Cafeteros Pro were a professional rugby union team based in Medellín, Colombia. The team was founded in 2020 to compete in Súper Liga Americana de Rugby finals series of the 2020 Súper Liga Americana de Rugby season, however the season was cancelled following the COVID-19 pandemic. The team however did join the competition full-time ahead of the 2021 Súper Liga Americana de Rugby season. Cafeteros Pro became the first professional rugby union team from Colombia.

==Beginnings==

Ahead of the 2021 season, Cafeteros Pro appointed Argentine Rodolfo Ambrosio as head coach. The team is set to have a budget of US$330,000 for their first season and their side will be a mixture of Colombian professional players and Argentine professional players. The team along with the Paraguayan SLAR side Olímpia Lions will have priority of drafting Argentine players, with there being an excess of Argentine players due to the Argentine Jaguares side departing Super Rugby. On 4 January 2021, it was announced that 10 Argentine players had been drafted to the side. In the longer term the team is hoping to become a Colombian-centric team, with 90% of the players to be Colombians.
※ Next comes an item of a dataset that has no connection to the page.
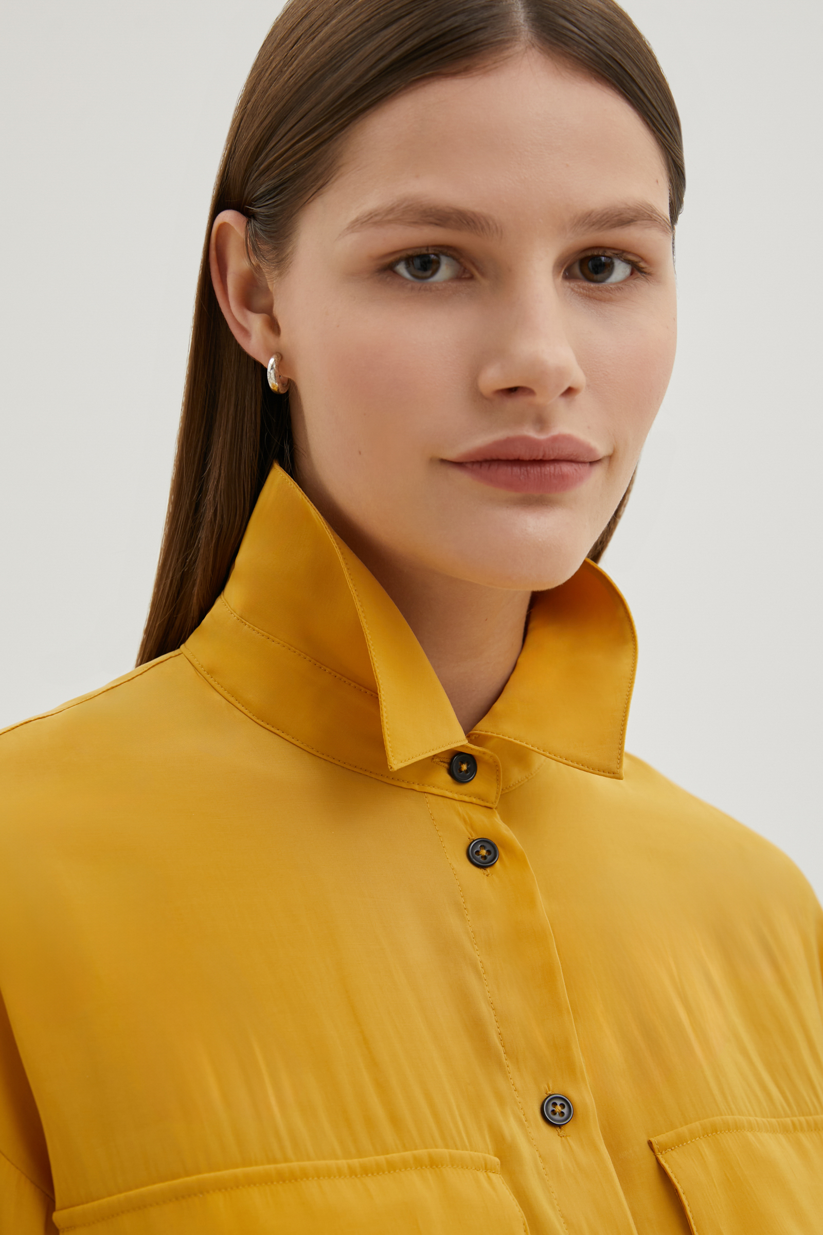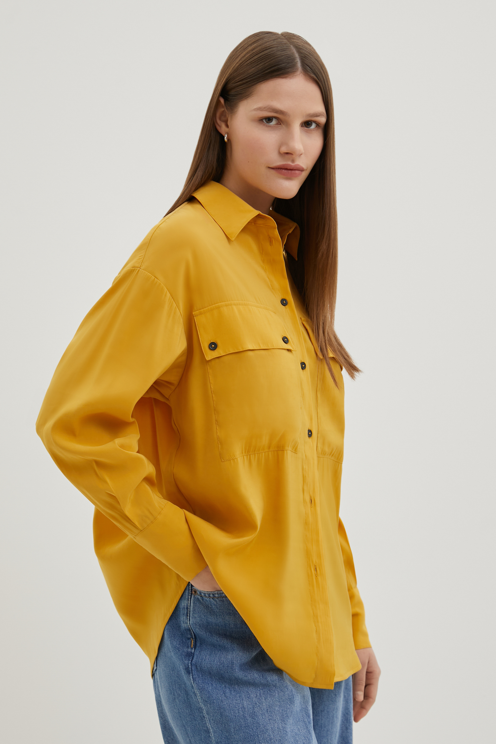 Блузка с воротником-стойкой и нагрудными карманами
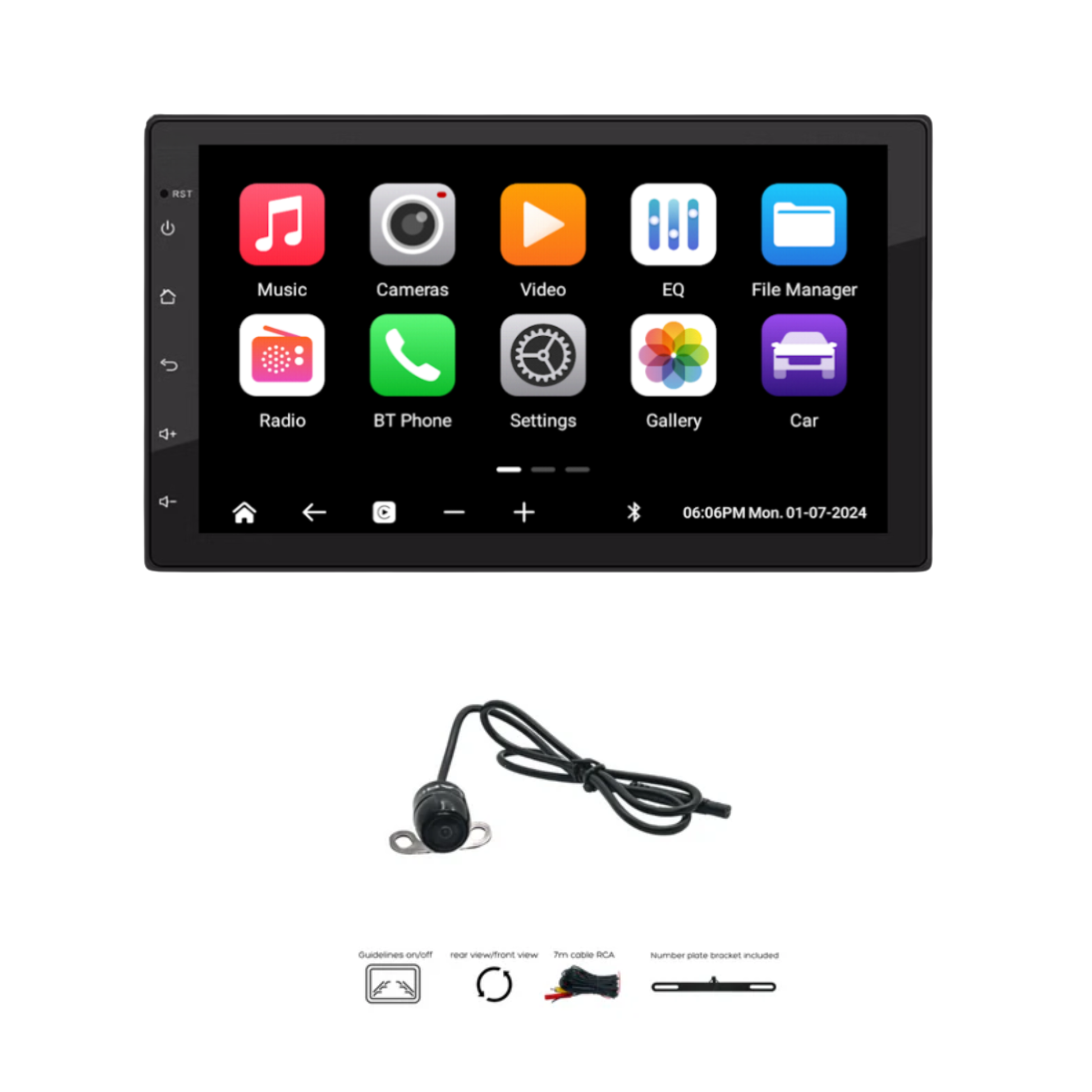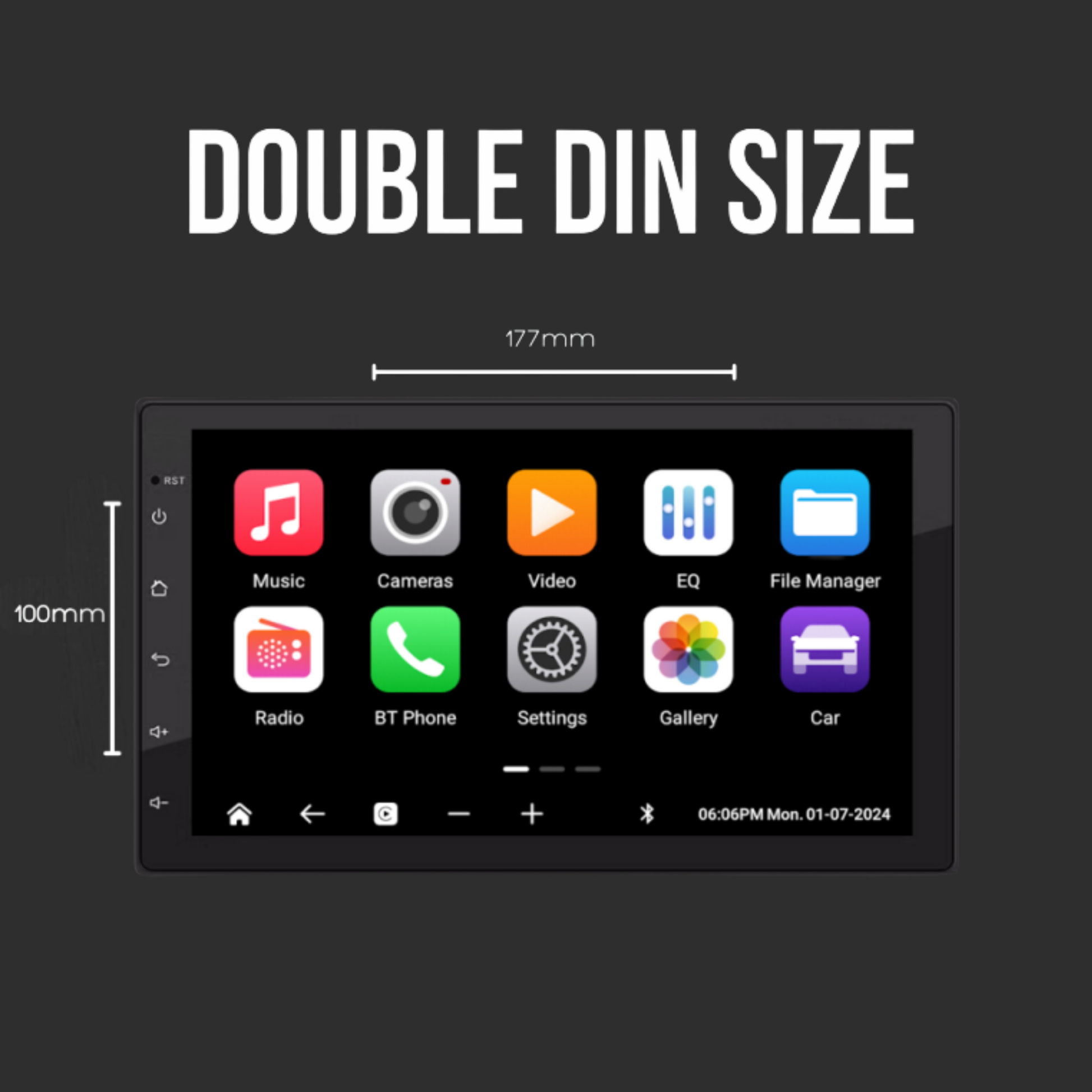 - Universal Double DIN (177mm) Head Unit with a 7″ Q-LED Screen

Ahead of the 2021 season, there were seven Colombian players playing professional rugby in foreign leagues: Brayan Campiño and Andrés Zafra (both playing in France), Julio Cesar Giraldo (who played for American side Rugby United New York in the 2020 Major League Rugby season), Giovanni Carvajal, Diver Ceballos and Danny Giraldo (who all played for the Uruguayan side Peñarol in the 2020 SLAR) and Johan Larrota.

==Stadium==
The Cafeteros Pro have yet to announce their stadium or stadia in Medellín ahead of the 2021 Súper Liga Americana de Rugby season.